WORK ITEM:
Everything in the data should be repeated exactly, save for the images.

GIVEN MATERIAL:
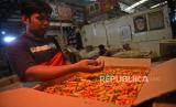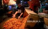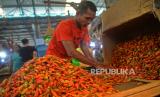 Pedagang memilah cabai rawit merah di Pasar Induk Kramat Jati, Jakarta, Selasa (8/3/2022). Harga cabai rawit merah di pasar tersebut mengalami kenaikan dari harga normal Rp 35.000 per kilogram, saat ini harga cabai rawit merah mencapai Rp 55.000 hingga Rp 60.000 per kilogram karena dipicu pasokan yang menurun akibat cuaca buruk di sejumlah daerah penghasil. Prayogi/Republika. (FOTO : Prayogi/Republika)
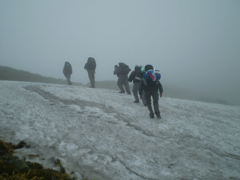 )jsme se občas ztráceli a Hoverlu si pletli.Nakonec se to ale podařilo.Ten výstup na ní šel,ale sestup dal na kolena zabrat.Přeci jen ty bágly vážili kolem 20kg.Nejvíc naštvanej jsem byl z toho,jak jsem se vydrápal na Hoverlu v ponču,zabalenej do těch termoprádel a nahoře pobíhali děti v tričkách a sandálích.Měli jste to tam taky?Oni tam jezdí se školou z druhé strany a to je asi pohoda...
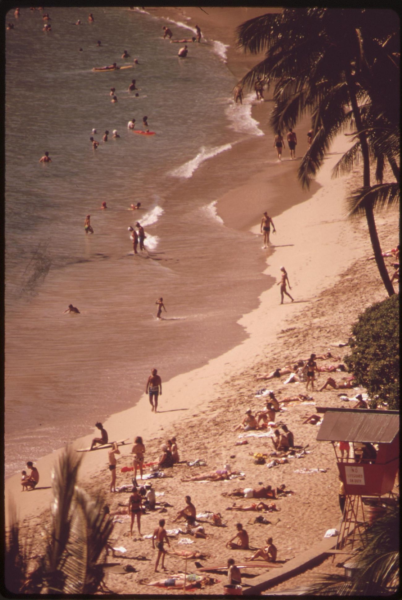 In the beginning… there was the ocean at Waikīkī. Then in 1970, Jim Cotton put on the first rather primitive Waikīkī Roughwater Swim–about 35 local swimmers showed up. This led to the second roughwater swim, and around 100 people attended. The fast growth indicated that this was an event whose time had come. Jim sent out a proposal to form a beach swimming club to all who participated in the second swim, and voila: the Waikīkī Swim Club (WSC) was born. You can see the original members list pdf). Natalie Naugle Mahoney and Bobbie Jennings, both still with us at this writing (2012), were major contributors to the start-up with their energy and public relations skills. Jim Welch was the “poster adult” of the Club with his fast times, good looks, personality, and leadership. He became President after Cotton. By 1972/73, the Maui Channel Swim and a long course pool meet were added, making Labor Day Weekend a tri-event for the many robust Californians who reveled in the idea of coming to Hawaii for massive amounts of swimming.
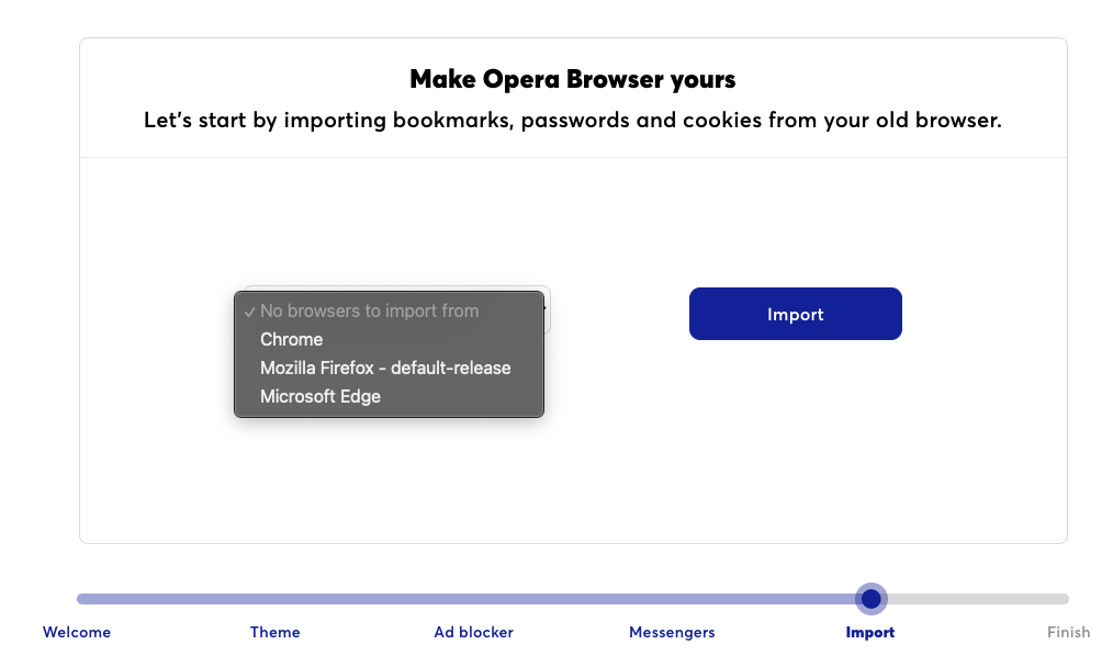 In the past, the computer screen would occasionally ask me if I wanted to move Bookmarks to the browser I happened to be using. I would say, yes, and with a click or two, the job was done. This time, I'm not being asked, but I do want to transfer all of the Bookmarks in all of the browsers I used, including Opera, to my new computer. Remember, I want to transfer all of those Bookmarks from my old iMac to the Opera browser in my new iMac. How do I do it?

ANSWER TO THE EXERCISE:
 Pedagang memilah cabai rawit merah di Pasar Induk Kramat Jati, Jakarta, Selasa (8/3/2022). Harga cabai rawit merah di pasar tersebut mengalami kenaikan dari harga normal Rp 35.000 per kilogram, saat ini harga cabai rawit merah mencapai Rp 55.000 hingga Rp 60.000 per kilogram karena dipicu pasokan yang menurun akibat cuaca buruk di sejumlah daerah penghasil. Prayogi/Republika. (FOTO : Prayogi/Republika)
 )jsme se občas ztráceli a Hoverlu si pletli.Nakonec se to ale podařilo.Ten výstup na ní šel,ale sestup dal na kolena zabrat.Přeci jen ty bágly vážili kolem 20kg.Nejvíc naštvanej jsem byl z toho,jak jsem se vydrápal na Hoverlu v ponču,zabalenej do těch termoprádel a nahoře pobíhali děti v tričkách a sandálích.Měli jste to tam taky?Oni tam jezdí se školou z druhé strany a to je asi pohoda...
 In the beginning… there was the ocean at Waikīkī. Then in 1970, Jim Cotton put on the first rather primitive Waikīkī Roughwater Swim–about 35 local swimmers showed up. This led to the second roughwater swim, and around 100 people attended. The fast growth indicated that this was an event whose time had come. Jim sent out a proposal to form a beach swimming club to all who participated in the second swim, and voila: the Waikīkī Swim Club (WSC) was born. You can see the original members list pdf). Natalie Naugle Mahoney and Bobbie Jennings, both still with us at this writing (2012), were major contributors to the start-up with their energy and public relations skills. Jim Welch was the “poster adult” of the Club with his fast times, good looks, personality, and leadership. He became President after Cotton. By 1972/73, the Maui Channel Swim and a long course pool meet were added, making Labor Day Weekend a tri-event for the many robust Californians who reveled in the idea of coming to Hawaii for massive amounts of swimming.
 In the past, the computer screen would occasionally ask me if I wanted to move Bookmarks to the browser I happened to be using. I would say, yes, and with a click or two, the job was done. This time, I'm not being asked, but I do want to transfer all of the Bookmarks in all of the browsers I used, including Opera, to my new computer. Remember, I want to transfer all of those Bookmarks from my old iMac to the Opera browser in my new iMac. How do I do it?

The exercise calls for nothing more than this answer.